- Founded: 2017
- Dates active: 2017–Present
- Country: Canada
- Groups: Front antifasciste populaire Rose City Antifa Hamilton Against Fascism
- Active regions: Quebec (Mainly the Montreal area)
- Ideology: Anti-fascism Anti-Quebec nationalism Marxism Communism Anarchism
- Political position: Far-left
- Status: Active
- Size: Unknown
- Annual revenue: International Anti-Fascist Defense Fund
- Website: montreal-antifasciste.info/en/

= Montréal Antifasciste =

Quebec antifa group

Montréal Antifasciste is a militant far-left anti-fascist group. It mainly operates in the Montreal area but also operates across Quebec.

==History==
Montréal Antifasciste was founded in 2017. The group's stated purpose is to counter the rise of groups in Quebec that it deems to be "far-right". Some of these groups are Atalante, the Nouvelle Alliance, the Front patriotique du Québec, La Meute, the Second Sons, Diagolon, and the Frontenac Active Club.
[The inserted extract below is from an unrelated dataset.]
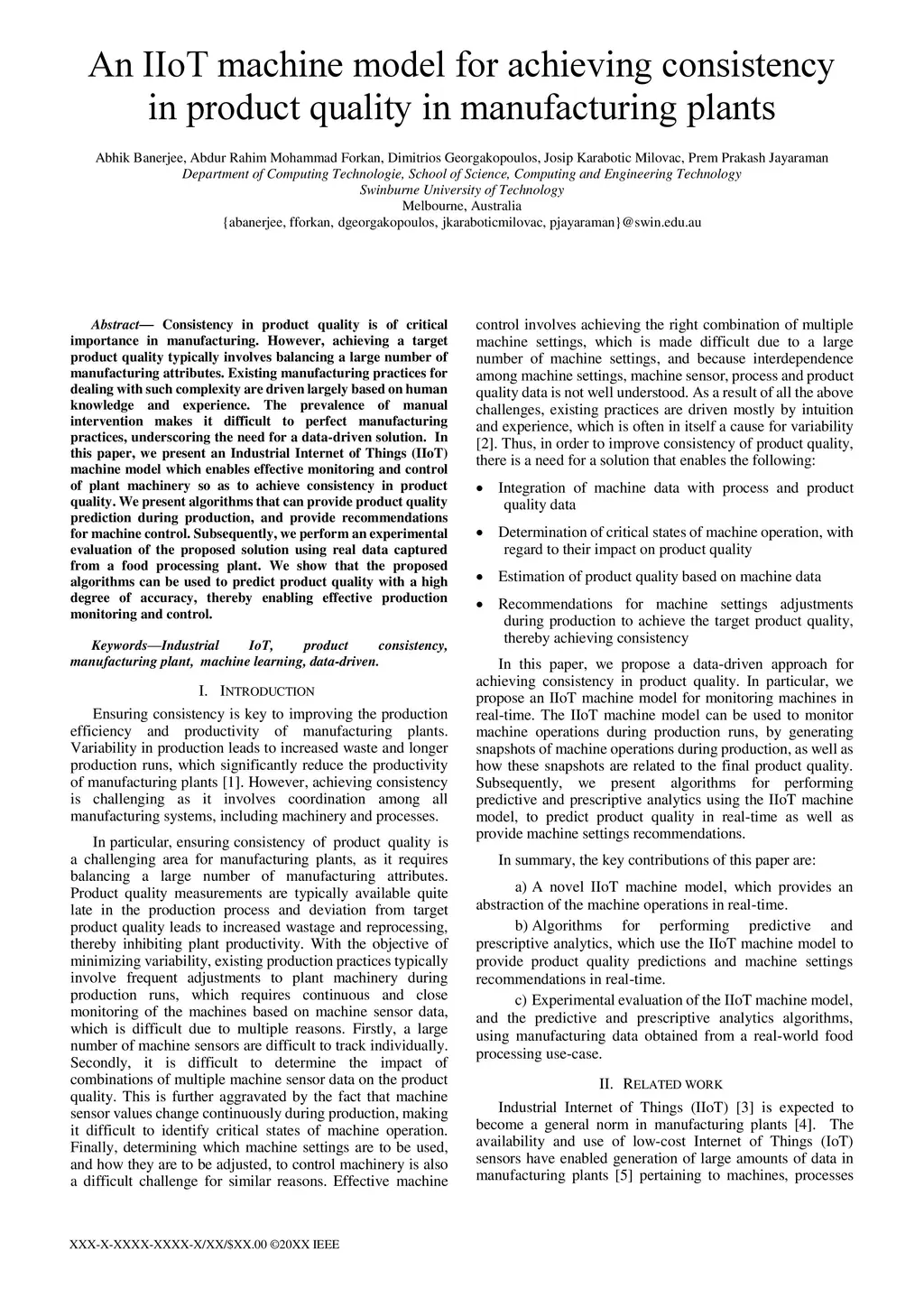 Consistency in product quality is of critical importance in manufacturing. However, achieving a target product quality typically involves balancing a large number of manufacturing attributes. Existing manufacturing practices for dealing with such complexity are driven largely based on human knowledge and experience. The prevalence of manual intervention makes it difficult to perfect manufacturing practices, underscoring the need for a data-driven solution. In this paper, we present an Industrial Internet of Things (IIoT) machine model which enables effective monitoring and control of plant machinery so as to achieve consistency in product quality. We present algorithms that can provide product quality prediction during production, and provide recommendations for machine control. Subsequently, we perform an experimental evaluation of the proposed solution using real data captured from a food processing plant. We show that the proposed algorithms can be used to predict product quality with a high degree of accuracy, thereby enabling effective production monitoring and control.

The group also works to identify members of far-right groups in the Montreal area.

===Ideology===
Montréal Antifasciste includes members who identify as marxists, anarchists and communists. The group is also anti-Quebec nationalism and has claimed responsibility for the vandalism of statues of historical figures in Montreal.

===Actions===
On 19 May 2025, Montréal Antifasciste organized a counter protest known as the "Fête populaire contre le fascisme" (English: People's Festival Against Fascism. However, Montréal Antifasciste also called it the "People’s Anti-Fascist Festival in their English publications) against the Nouvelle Alliance's annual commemoration of hero of New France Adam Dollard des Ormeaux at his statue in Montreal’s Parc La Fontaine. The counter protesters brought loudspeakers and waved antifa flags, pride flags, and Palestine flags. The Service de police de la Ville de Montréal kept the two groups from fighting. Throughout the confrontation, the counter protesters chanted "Pas de facho dans nos quartiers!" (English: "No fascists in our streets!") while 50 members of the Nouvelle Alliance chanted "Le Québec aux Québécois!" (English: "Quebec for Quebecers"), "Québec libre!" (English: "Free Quebec!") and "Patrie, nation, tradition!" (English: "Fatherland, nation, tradition!")
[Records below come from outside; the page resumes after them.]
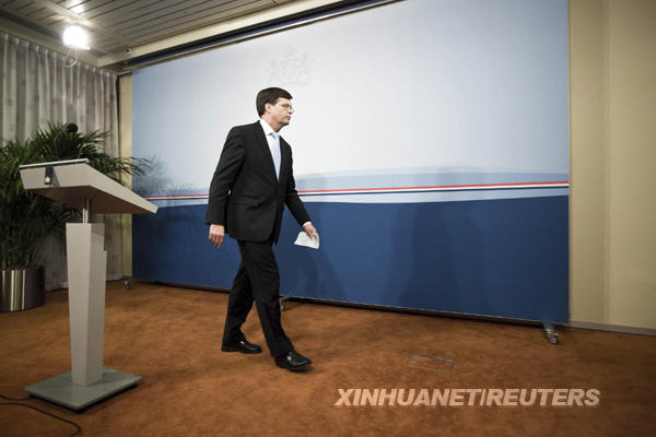 2月20日,荷兰首相巴尔克嫩德在海牙召开新闻发布会后离开。当日,巴尔克嫩德宣布,由于在阿富汗撤军问题上无法达成一致,执政联盟中第二大党工党将退出执政联盟,致使执政联盟解体。新华社/路透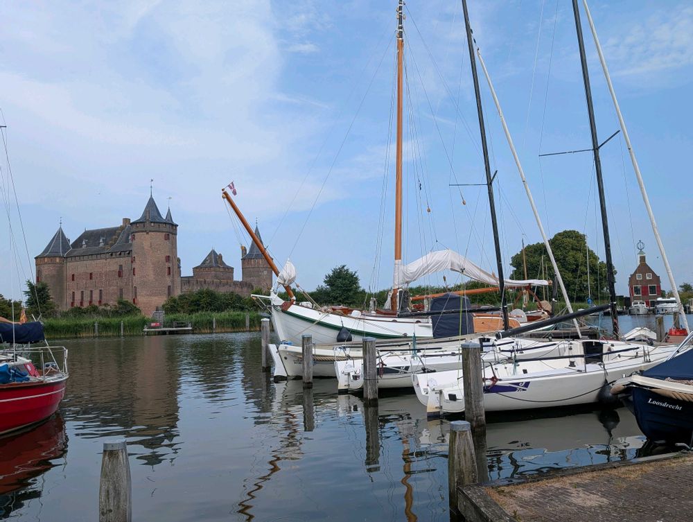 1枚目Vecht川の対岸から見たマウデン城🏰通りすがりの地元の方の話では、木の色のマストに緑のラインのボート⛵️はベアトリクス女王(雅子皇后陛下が体調悪かったときオランダに静養へ招いてくれた方ということで知られてます)のものだとか。プライバシーよ😂ま、このヨットハーバー王立なのであってもおかしくないですが😅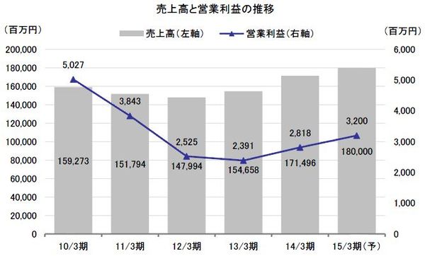 2015年3月期の業績は、売上高180,000百万円(前年比5.0%増)、営業利益3,200百万円(同13.6%増)、経常利益3,500百万円(同11.3%増)、当期純利益2,200百万円(同24.8%増)が予想されている。期中受注・完工の案件を取ることで上期の遅れを取戻し、通期では期初予想を達成するよう取組んでいるが、既に第3四半期で前年同期を上回るペースになってきたことから、この予想達成の可能性は高そうだ。

====Political violence====
The group has admitted on its website to using violence for political means.

In 2017, members of the group attacked a 42-year-old man for holding a Patriote flag. The attack was criticized by Cora Le Moyne, a member of the group.

On 25 July 2025, two smoke bombs were thrown at Christian evangelist gospel singer Sean Feucht during a worship song at Ministerios Restauracion church. The smoke bombing occurred at the same Montréal Antifasciste was protesting Feucht's presence outside of the church. Some of the protesters reportedly cheered after the bombing had occurred. A woman who was holding up an antifa flag and was not near the bomber was arrested but not charged. The bomber was later identified as Gabriel Lepage, a man who works at the 2nd Canadian Division Support Group. Lepage was also reported to have links to antifa.

On 23 April 2026, Nomos-TV reporter Alexandre Cormier-Denis had his recording disrupted by members of the Front antifasciste populaire (English: Popular Anti-Fascist Front), a group linked to Montréal Antifasciste. On 27 April, Cormier-Denis described the incident as "an antifa ambush to sequester me in my vehicle!" On 8 May, Montréal Antifasciste claimed responsibility for the mobilization of the FAP to protest the broadcast. Montréal Antifasciste also claimed that Cormier-Denis is "actively contributed to normalizing this central player of the Quebec far right, and above all, to trivializing the xenophobic remarks that are at the heart of his ideological program."